Edited by Azizi Powell
This post provides information about the South African university students' #FeesMustFall (fees must fall) protest movement. Five YouTube videos of #FeesMustFall protests are also included in this post.
The content of this post is presented for historical, cultural, and motivational purposes.
All copyrights remain with their owners.
Thanks to all those who are involved in peaceful protest in South Africa. Thanks to all who are featured in this post and thanks to all those who are quoted in this post. Thanks also to the publishers of these examples on YouTube.

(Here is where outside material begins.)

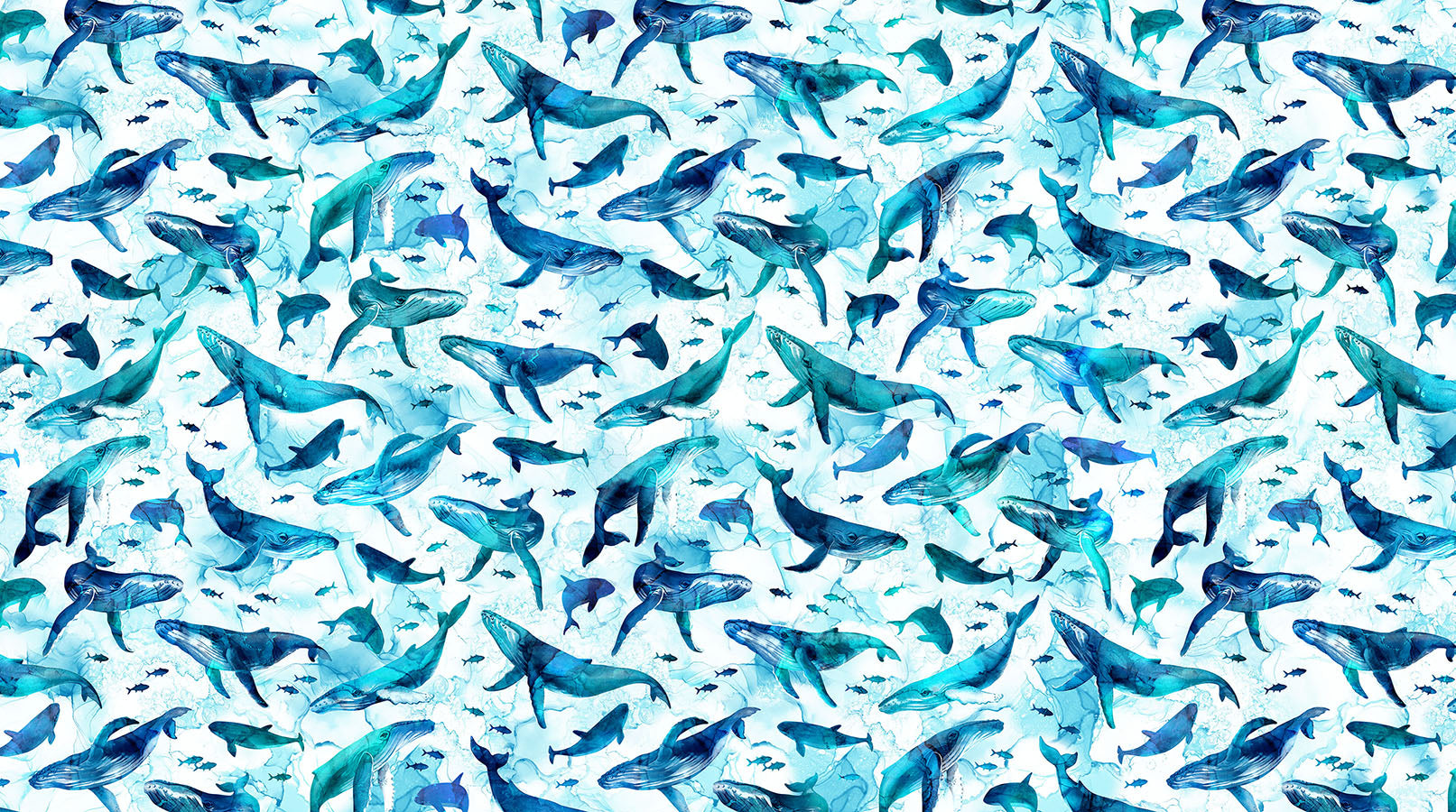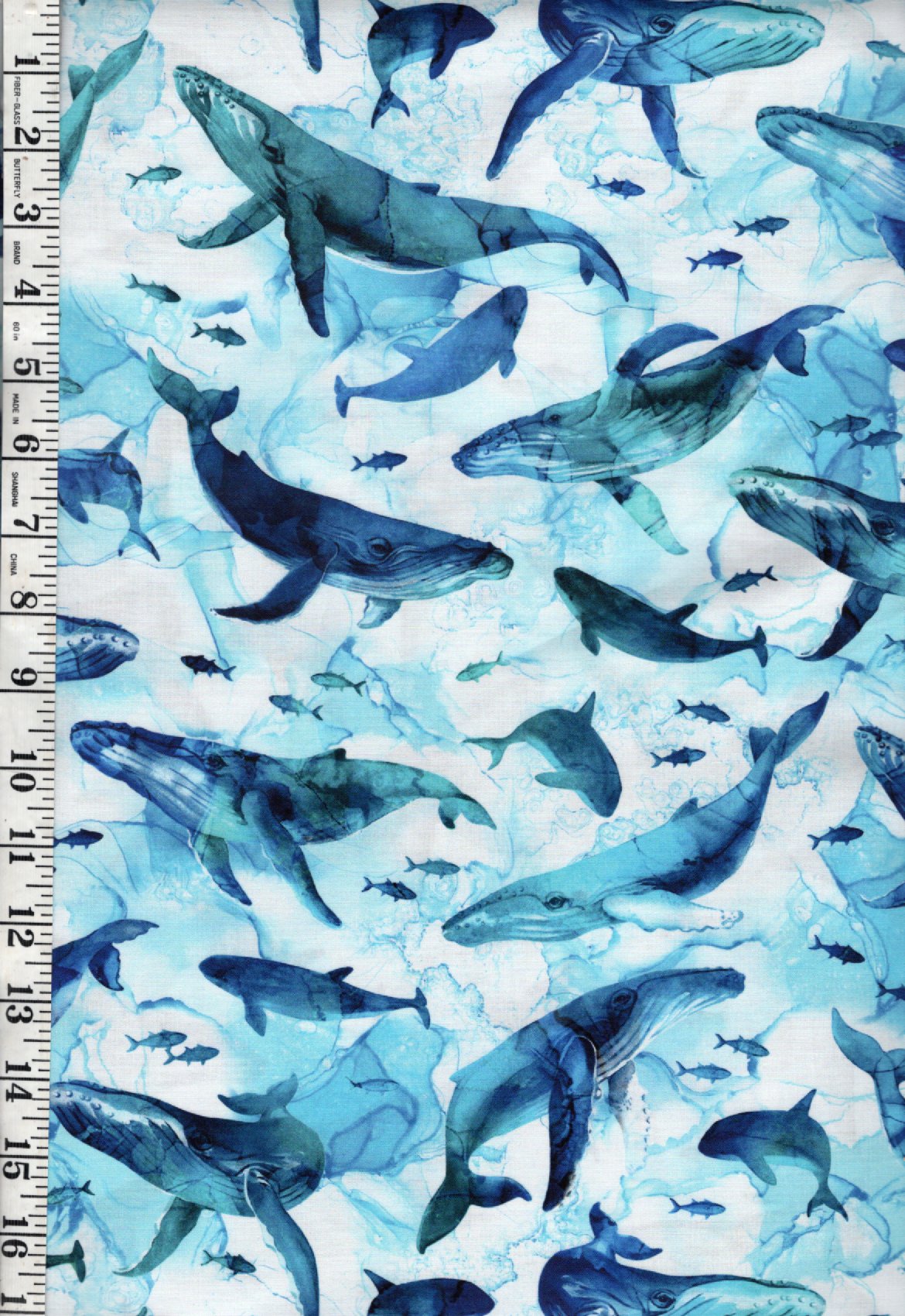 This stunning fabric from Northcott's Deep Blue collection features an over-all design of humpback whales and smaller fish.  Digitally printed.
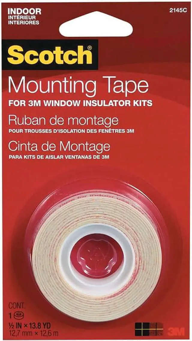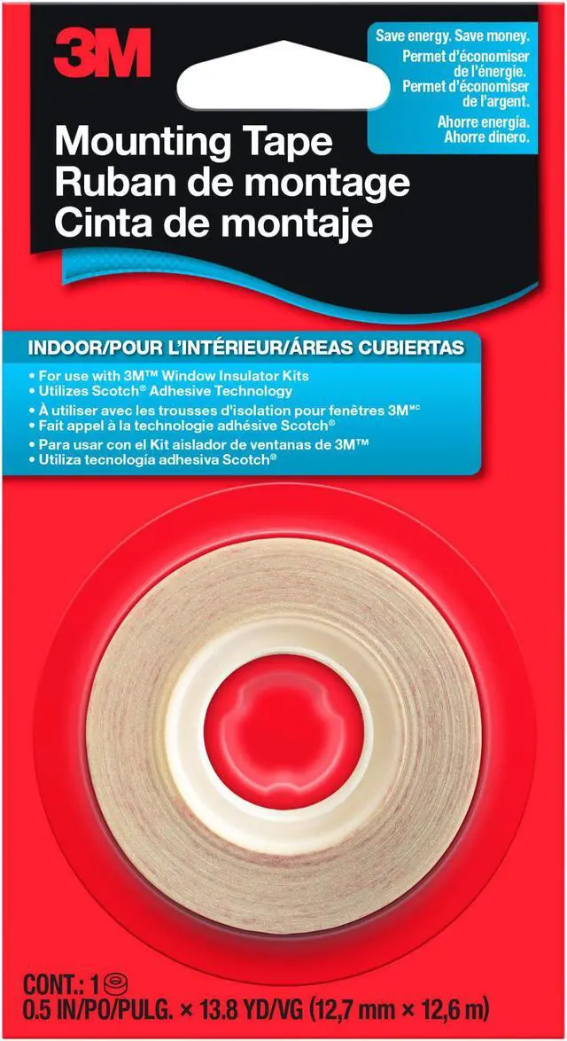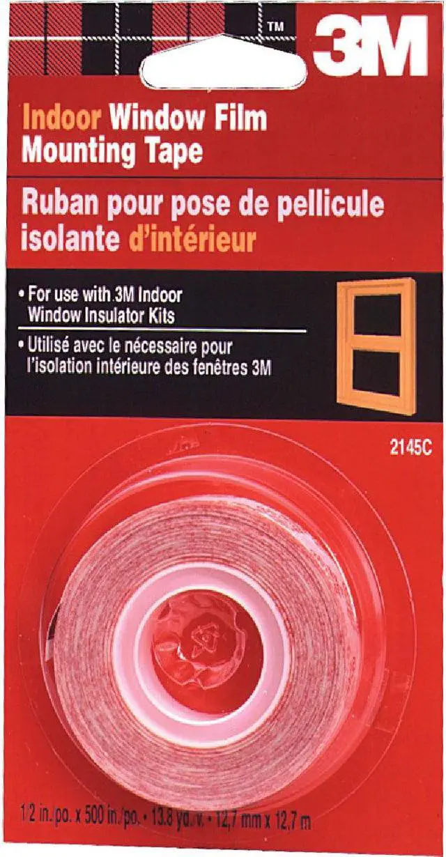 Double-stick tape. 1/2" x 500". For use with the 3M heat shrinkable interior window films. Easy-to-apply to window frames and casings. Creates a strong bond between the window surface, tape and film, securing an airtight seal. Ready-to-peel liner.

INFORMATION ABOUT THE SOUTH AFRICAN FEES MUST FALL MOVEMENT
Excerpt #1 [Added May 1, 2017]
"#FeesMustFall is a student led protest movement that began in mid October 2015 in response to an increase in fees at South African universities. Protests started at the University of Witwatersrand and spread to the University of Cape Town and Rhodes University before rapidly spreading to other universities across the country. The 2015 protest ended when it was announced by the South African government that there would be no tuition fee increases for 2016. The protest in 2016 began when the South African Minister of Higher Education announced that there would be fee increases capped at 8% for 2017; however, each institution was given the freedom to decide by how much their tuition would increase.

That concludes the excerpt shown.